Retirement Has Triggered Bad Memories
When I was a teenager there wasn't much to do in my small town, no fast food or places to work. I woke up in the morning and felt bored and unhappy. My home was not a happy one.
When I graduated from college, I wasn't ready to teach as I had been trained, and didn't know what I wanted to do. I spent 6 months on my parent's couch, lying around reading and watching TV. It was a horrible nightmarish time. I still have nightmares that I can't get out of there.
I finally got on the Greyhound and moved to Chicago where I found a job in an office. Two more times as an adult, I lost my job and moved in with my parents for 3 to 6 months at a time.

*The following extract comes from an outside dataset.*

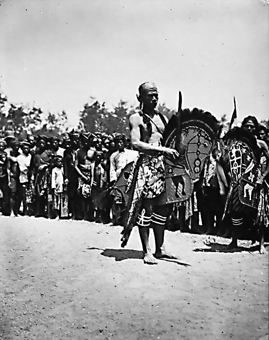 Dance members of the Kuda-Kepang in Mataram, Lombok

The last time was when I was 34.
Now in retirement, 4.5 years in, I still feel that emptiness and boredom at times and fear going back to that horrible time. Of course it couldn't happen, I live in a happy home now with my husband, and we have money to live on, and secure financial arrangements for the future. Plus, my parents are both dead.
I think it is depression; for which I am receiving treatment. But like any other chronic problem, it rears its ugly head from time to time.
I tell myself, today I am having a bad day, but this too shall pass. It has in the past, always. I have a good doctor for which I am thankful.
I am not interested in finding a part-time job for a lot of reasons, and I don't want to volunteer. I have found some quilting groups on social networking which has been a big plus. And I spend a lot of time sewing, and giving quilts to people. I guess that is my volunteer job. When I get caught up, I plan on making quilts for charity.